Guarantee HK administered by patriots

Hong Kong's Legislative Council passed a bill by a 40-to-1 vote on Wednesday requiring district councilors to swear allegiance to the Hong Kong Special Administrative Region when assuming office. This completes the arrangement for making it compulsory for all civil servants to take an oath of allegiance or sign a declaration to that effect before taking office.
Although the district councilors are at a low level in the public office system, they are more in number and closer to local communities and residents. To include them into the oath-taking system was necessary to ensure the principle of "patriots administer Hong Kong" is effectively implemented in grassroots governance.
The oath-taking is more than simply a ceremonial procedure, as those who decline to take the oath or sign a written declaration of allegiance, whichever is required, will be disqualified from assuming their position and banned from running for public office for five years.
The bill clarifies the actions considered to be violations of the oath, such as refusing to recognize the constitutional status of the HKSAR as a local administrative region of China, soliciting interference by foreign forces in the region's affairs and desecrating the national flag or national emblem.
And actions that violate the oath-taking requirement, including altering the words or not behaving sincerely and solemnly, are regarded as declining or neglecting to take the oath, according to the bill.

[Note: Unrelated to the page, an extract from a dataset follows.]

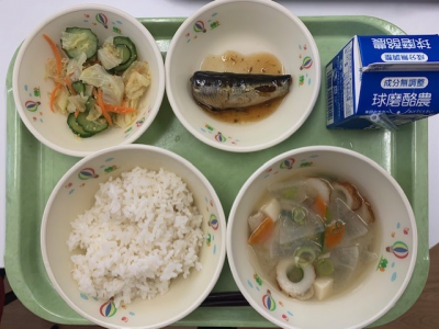 麦ごはん、牛乳、のっぺい汁、さんまゆずみそ煮、きんぴらごぼうでした。

That said, given the already tested and proved authority of the National Security Law for Hong Kong, which along with the Basic Law provides the oath-swearing system with legal basis, those not willing to shoulder their responsibilities of safeguarding national sovereignty, security and development interests will soon lose their footholds.
That at least 29 district councilors have resigned for various reasons, including refusing to take the oath, over the past six months indicates those that the bill targets are well aware of the fact that the institutional loopholes they have previously taken advantage of to claim a stage for their political farce no longer exist, and the "good old days" when they could grab the media's attention by promoting separatism and radicalism are now gone.
To put the oath-taking procedure into place is in line with the fundamental interests of the SAR, and answers the calls of the Hong Kong residents for its civil servants to work hard for the SAR's long-term prosperity and stability.
The establishment and implementation of the oath-taking system in the SAR draws a red line that no civil servant at any level or in any department can cross.